TASK OBJECTIVE:
Starting at the line where "The Manage Channels" occurs, reproduce each line through the end of the entries below exactly. Omit every picture.

[Source data]
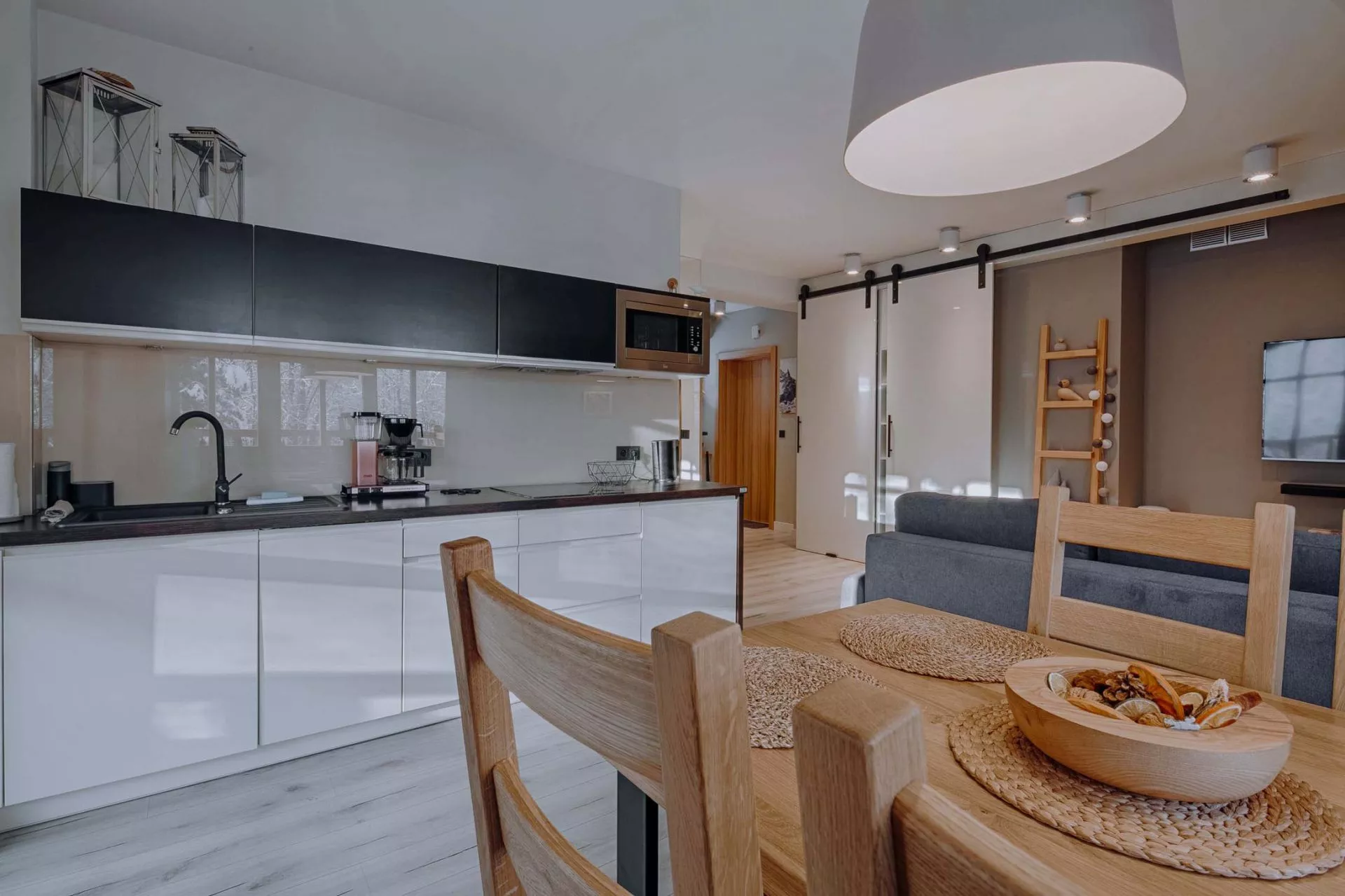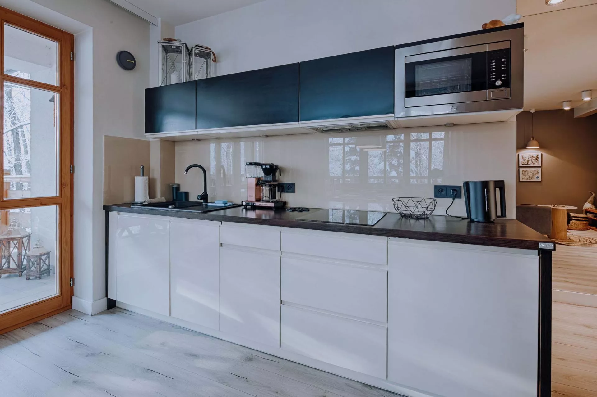Aneks kuchenny: 3 stanowiskowa płyta indukcyjna, lodówka, zmywarka, kuchenka mikrofalowa, czajnik elektryczny, przelewowy ekspres do kawy, naczynia, sztućce, garnki, zastawa szklana
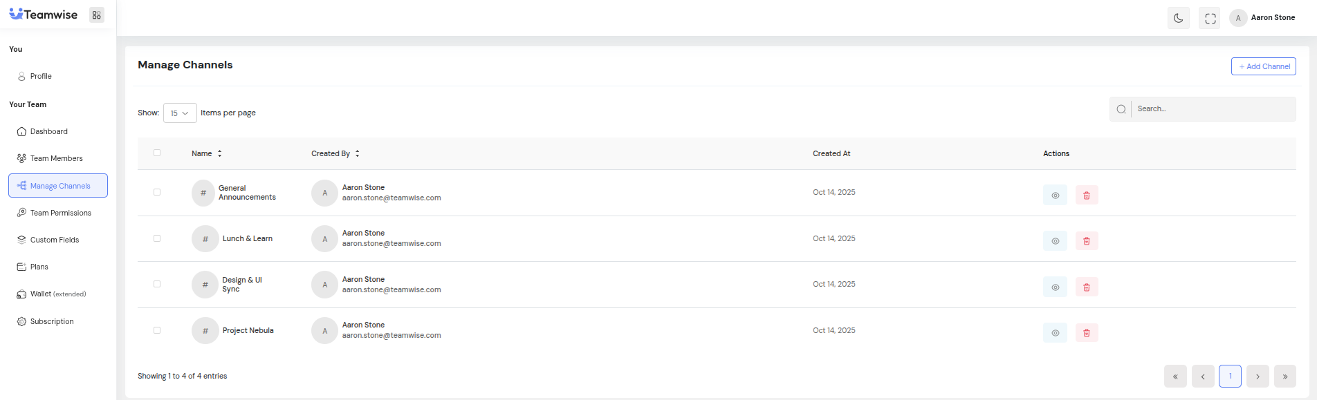 The Manage Channels module provides team administrators with complete oversight of all communication channels within the workspace. This interface enables admins to organize team discussions, control channel access, manage membership, and maintain a well-structured communication hierarchy — regardless of channel privacy settings.
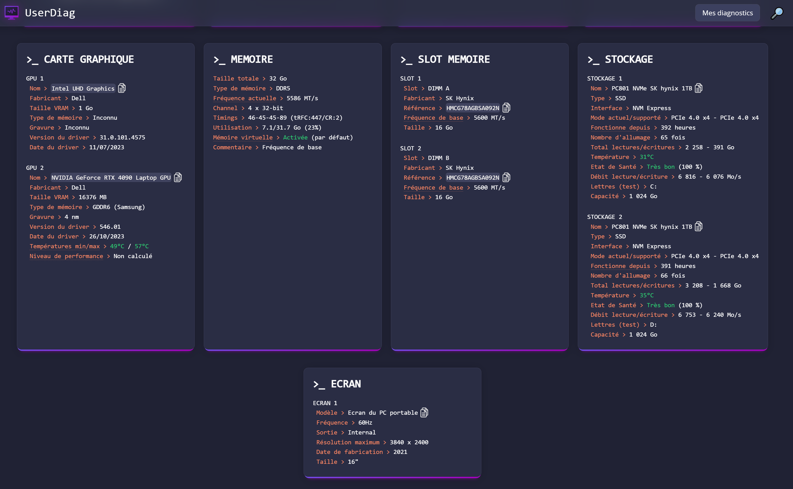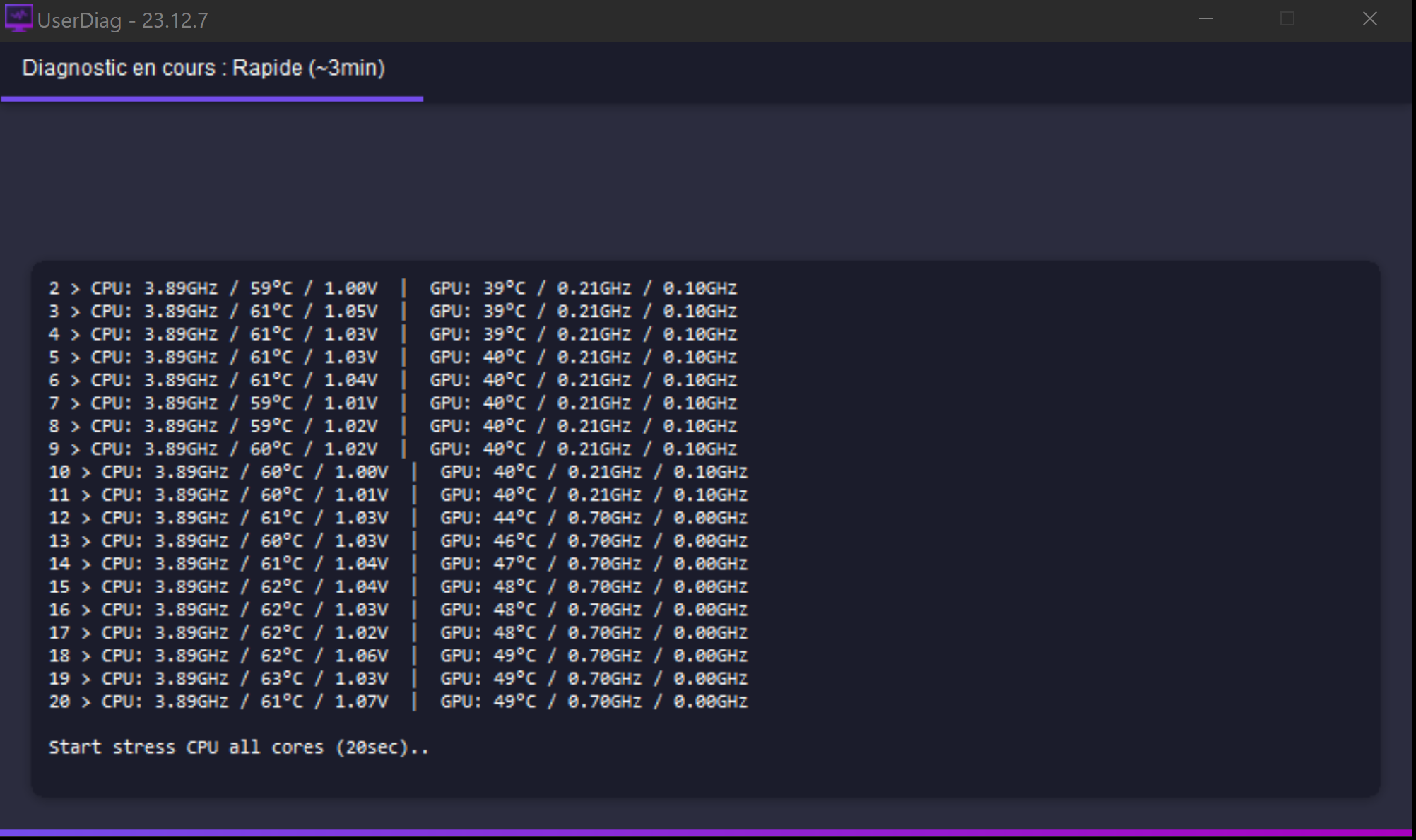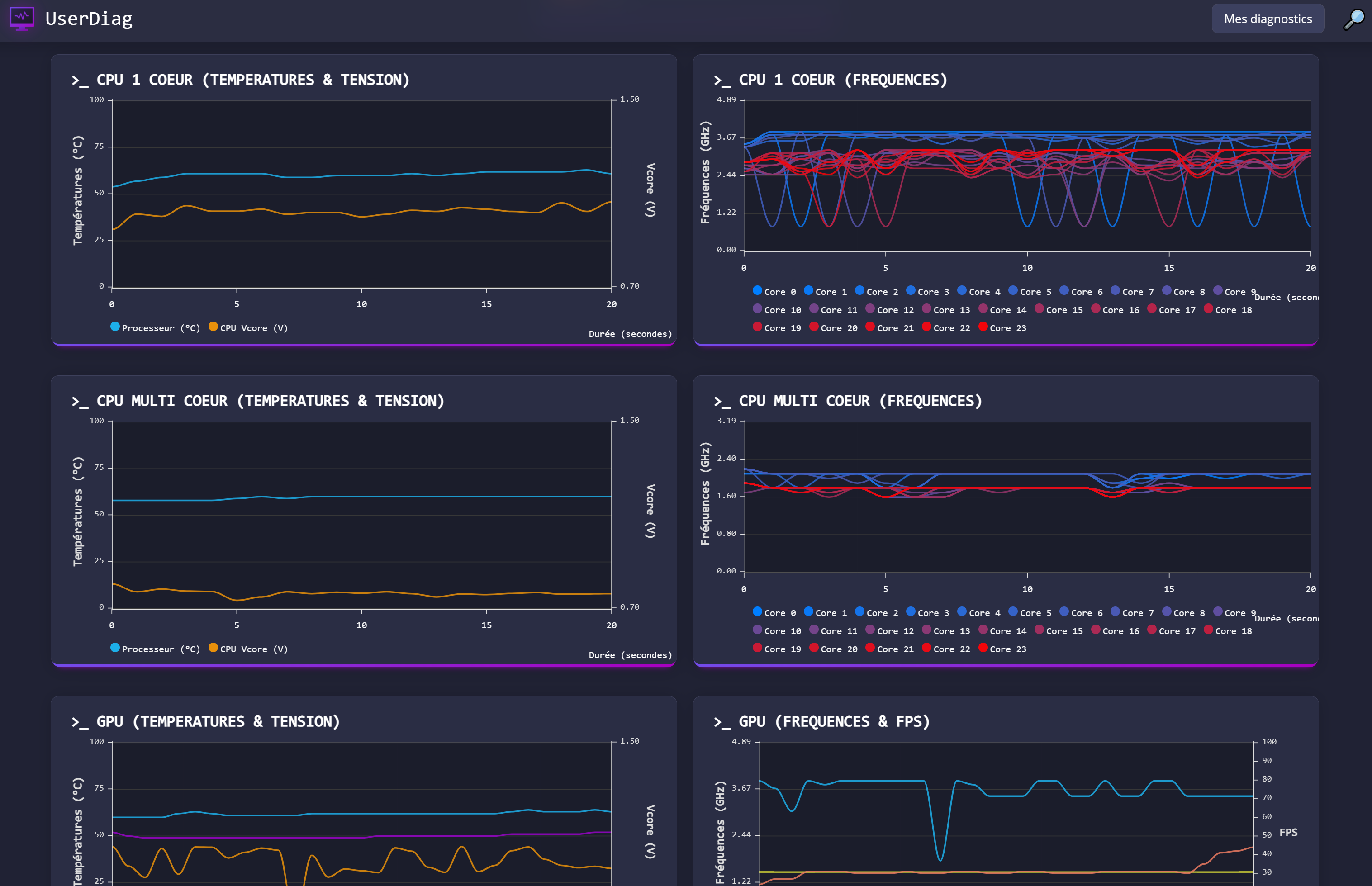 Les informations concernant votre bios, Windows, ainsi que les composants de l'ordinateur seront alors récupérées. Durant la détection et le stress de vos composants, plusieurs valeurs seront récupérées par UserDiag, comme la température, les fréquences du processeur, RAM, et de la carte graphique. Cela vous permettra de vérifier que tout fonctionne de façon optimale. Enfin, à la fin du test, UserDiag ouvrira dans votre navigateur votre diagnostic. Il ne vous restera plus qu'à vérifier que tout est parfait !
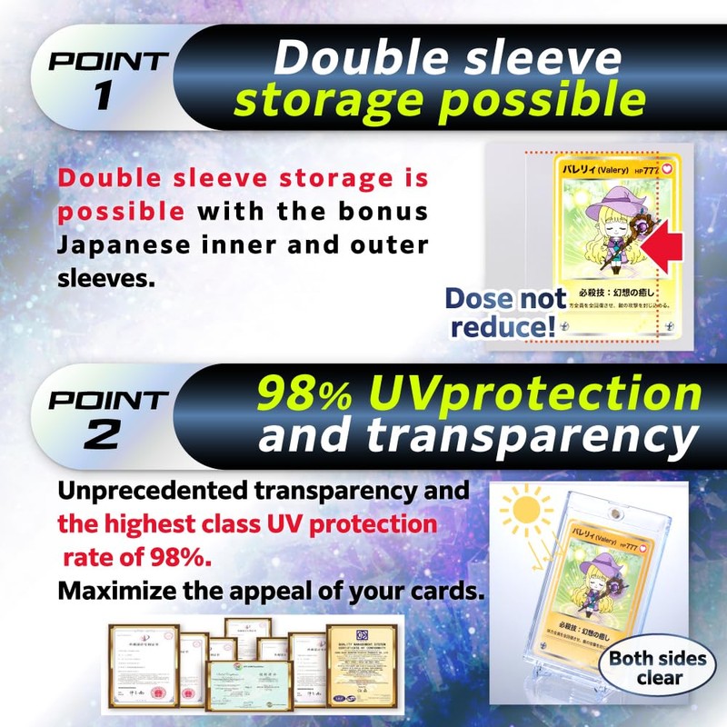- [Best way to store]: The optimal method for storing your trading card game cards is to keep them securely in this double UV cut case.
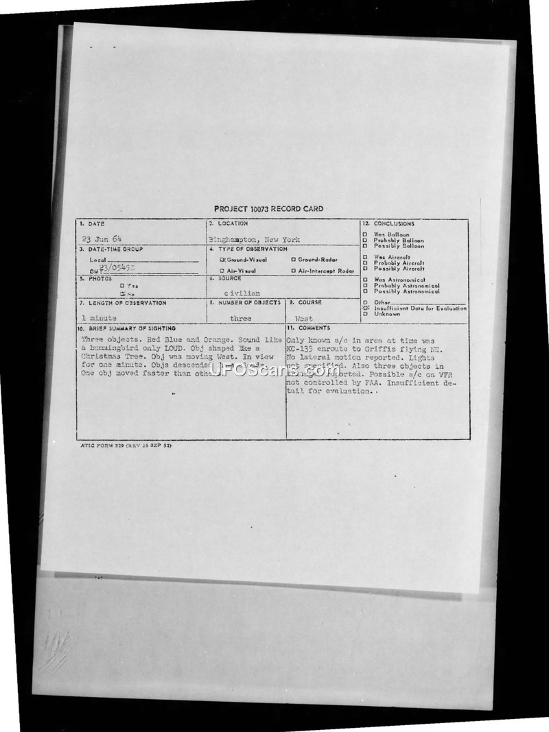 Project 10073 Record Card — Binghamton, New York, 23 June 1964

OUTPUT FOR THIS EXERCISE:
 The Manage Channels module provides team administrators with complete oversight of all communication channels within the workspace. This interface enables admins to organize team discussions, control channel access, manage membership, and maintain a well-structured communication hierarchy — regardless of channel privacy settings.
 Les informations concernant votre bios, Windows, ainsi que les composants de l'ordinateur seront alors récupérées. Durant la détection et le stress de vos composants, plusieurs valeurs seront récupérées par UserDiag, comme la température, les fréquences du processeur, RAM, et de la carte graphique. Cela vous permettra de vérifier que tout fonctionne de façon optimale. Enfin, à la fin du test, UserDiag ouvrira dans votre navigateur votre diagnostic. Il ne vous restera plus qu'à vérifier que tout est parfait !
- [Best way to store]: The optimal method for storing your trading card game cards is to keep them securely in this double UV cut case.
 Project 10073 Record Card — Binghamton, New York, 23 June 1964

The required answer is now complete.